YOUR GOAL |
Below are the records; give again exactly the lines from the one containing "Light Blue Red" through the one containing "To clear the", leaving out pictures.

____ TASK MATERIAL

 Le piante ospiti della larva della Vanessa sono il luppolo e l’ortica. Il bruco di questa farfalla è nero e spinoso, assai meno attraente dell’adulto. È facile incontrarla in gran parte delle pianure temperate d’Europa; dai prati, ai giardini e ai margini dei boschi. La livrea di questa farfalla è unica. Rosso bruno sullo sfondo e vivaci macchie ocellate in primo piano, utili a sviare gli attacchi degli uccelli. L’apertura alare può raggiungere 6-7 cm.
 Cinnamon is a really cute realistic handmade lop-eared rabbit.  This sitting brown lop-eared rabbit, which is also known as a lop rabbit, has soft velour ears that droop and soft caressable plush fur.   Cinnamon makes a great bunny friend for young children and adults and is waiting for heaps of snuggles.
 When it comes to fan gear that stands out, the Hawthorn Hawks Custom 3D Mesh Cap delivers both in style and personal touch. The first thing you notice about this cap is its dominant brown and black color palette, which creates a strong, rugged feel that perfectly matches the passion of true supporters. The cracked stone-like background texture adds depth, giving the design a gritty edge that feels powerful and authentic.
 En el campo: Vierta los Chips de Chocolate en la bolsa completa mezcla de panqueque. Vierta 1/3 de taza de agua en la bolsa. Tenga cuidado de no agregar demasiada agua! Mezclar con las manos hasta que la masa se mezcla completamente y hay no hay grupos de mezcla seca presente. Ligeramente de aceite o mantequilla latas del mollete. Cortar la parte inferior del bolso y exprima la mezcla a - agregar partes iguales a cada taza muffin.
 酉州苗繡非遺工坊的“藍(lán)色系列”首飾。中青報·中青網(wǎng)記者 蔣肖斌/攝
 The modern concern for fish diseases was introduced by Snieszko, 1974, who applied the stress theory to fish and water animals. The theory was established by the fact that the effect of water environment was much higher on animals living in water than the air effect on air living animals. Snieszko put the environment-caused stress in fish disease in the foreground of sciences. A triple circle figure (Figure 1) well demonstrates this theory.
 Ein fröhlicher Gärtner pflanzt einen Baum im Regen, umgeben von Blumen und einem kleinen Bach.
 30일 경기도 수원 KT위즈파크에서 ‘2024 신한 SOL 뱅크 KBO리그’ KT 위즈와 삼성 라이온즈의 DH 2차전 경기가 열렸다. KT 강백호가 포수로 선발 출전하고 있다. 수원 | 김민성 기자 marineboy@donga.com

________
____ TASK MATERIAL

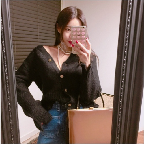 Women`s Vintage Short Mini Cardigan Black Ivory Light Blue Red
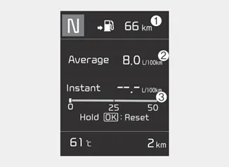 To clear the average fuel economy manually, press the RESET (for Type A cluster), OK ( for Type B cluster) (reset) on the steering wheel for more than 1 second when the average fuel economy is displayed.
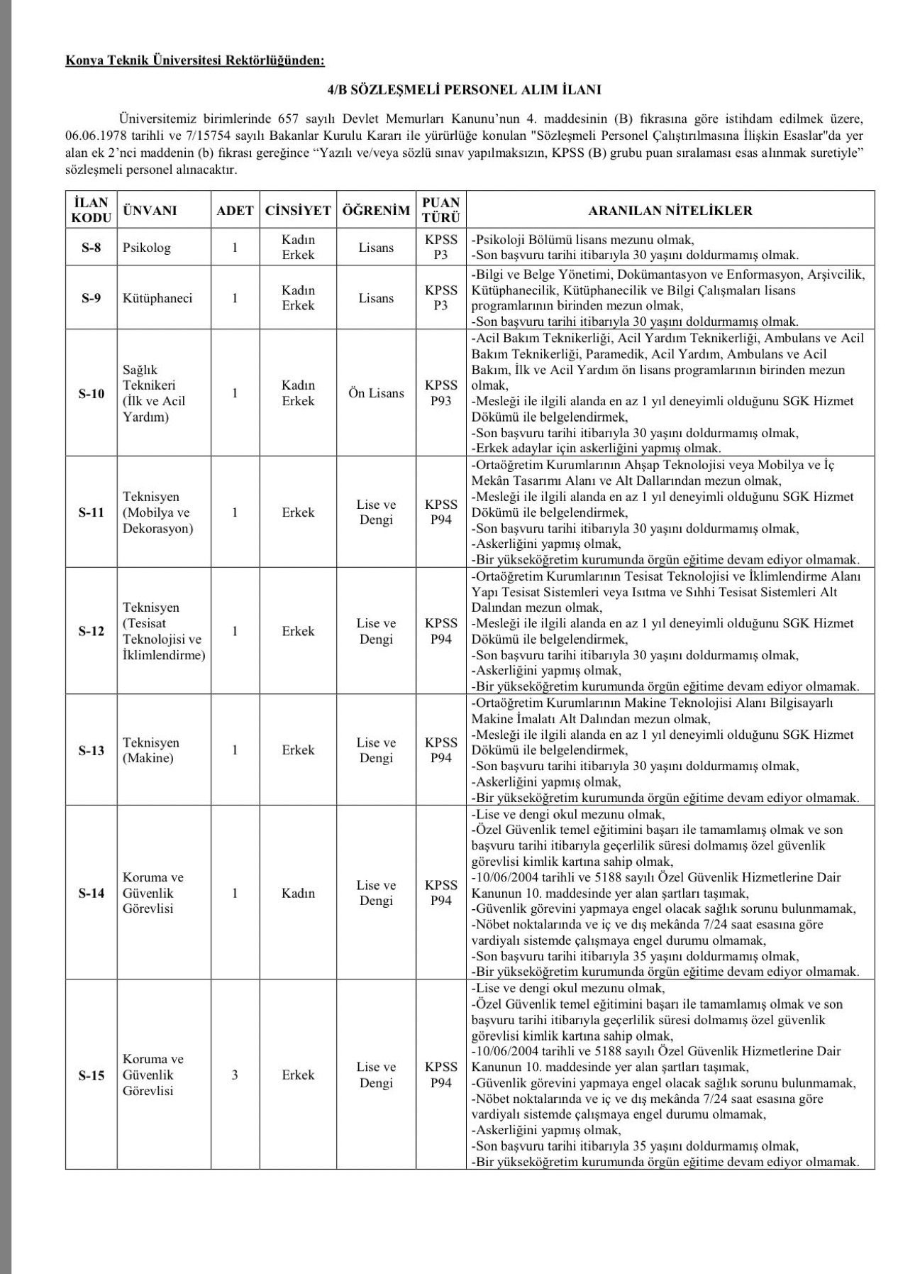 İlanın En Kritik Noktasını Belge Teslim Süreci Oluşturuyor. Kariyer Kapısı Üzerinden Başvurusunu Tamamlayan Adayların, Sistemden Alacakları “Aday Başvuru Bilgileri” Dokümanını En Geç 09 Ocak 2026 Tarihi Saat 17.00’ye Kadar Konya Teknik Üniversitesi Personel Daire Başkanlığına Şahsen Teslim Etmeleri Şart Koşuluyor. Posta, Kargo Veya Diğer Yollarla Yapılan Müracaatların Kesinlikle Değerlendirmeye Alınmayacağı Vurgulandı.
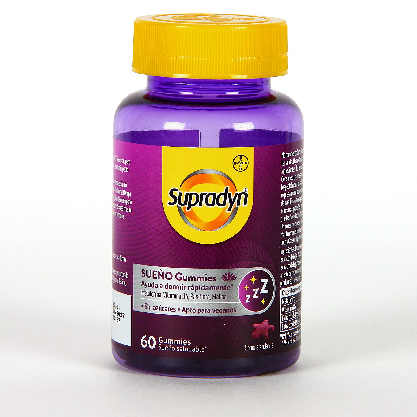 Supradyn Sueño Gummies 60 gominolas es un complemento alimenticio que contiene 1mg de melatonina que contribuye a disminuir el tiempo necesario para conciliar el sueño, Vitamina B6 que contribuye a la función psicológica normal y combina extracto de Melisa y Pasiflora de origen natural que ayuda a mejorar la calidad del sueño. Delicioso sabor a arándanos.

________

REPLY |
 Women`s Vintage Short Mini Cardigan Black Ivory Light Blue Red
 To clear the average fuel economy manually, press the RESET (for Type A cluster), OK ( for Type B cluster) (reset) on the steering wheel for more than 1 second when the average fuel economy is displayed.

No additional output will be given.